Europe's first Buddhist cemetery was established in the Vienna Central Cemetery in May 2005. An area of the Central Cemetery has been set aside for this purpose centered around a stupa, and was consecrated by a Tibetan monk.[10]

The Church of Jesus Christ of Latter-day Saints in Austria celebrated the dedication of an hectare-sized plot set apart for the Mormon deceased in the Vienna Central Cemetery 19 September 2009.


The new Anatomy Memorial opened in Section 26, on 5 March 2009, for interments of the Institute of Anatomy of the Medical University of Vienna and for the people who donated their bodies to science.[11]

In 2000, a Baby burial ground opened in Section 35 B near Gate 3 where stillborn infants, dead babies, and young children up to 110 centimetres (43 in) of height are interred.[12]


Due to the vast size of the cemetery, private car traffic is allowed on the cemetery grounds every day of the year except 1 November (All Saint's Day), although vehicles must pay a toll, currently €2.80. Because of the large number of visitors on 1 November, private vehicles are not permitted. A public "cemetery bus" line (Route 106) operates on the grounds with several stops to transport visitors.

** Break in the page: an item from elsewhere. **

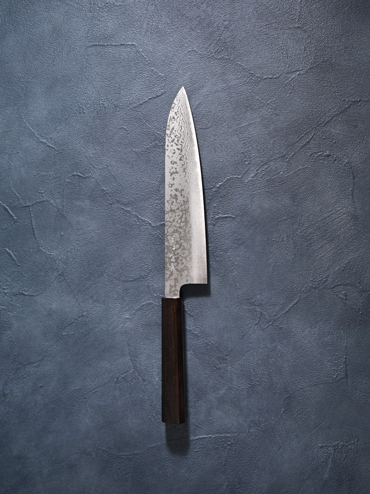 黒﨑真 Makoto Kurosaki 牛刀包丁210mm VG7鋼 ダマスカス 口輪なし黒檀八角柄

The old Simmering horse tram was replaced by an electric tram, running from Schwarzenbergplatz to the Central Cemetery, in 1901 and it was renumbered as "71" (der 71er) in 1907: it remains the most popular route to the cemetery using public transport. Among the Viennese, a popular euphemism for a death is that the deceased person "has taken the 71" ("Er hat den 71er genommen").

The "Zentralfriedhof" stop on the Vienna S-Bahn (metro suburban railway) is close to the old Jewish part of the cemetery. The closest underground stop is "Simmering" (Vienna U-Bahn, line U3), about 2 kilometres (1.2 mi) from the cemetery.

Cultural references

The musician Wolfgang Ambros honoured the Central Cemetery in his 1975 song Es lebe der Zentralfriedhof ("Long live the Central Cemetery"), marking with it the 100th anniversary of the cemetery's opening.

The Central Cemetery is the scene of Harry Lime's fake and real funeral at the beginning and end of The Third Man.[13]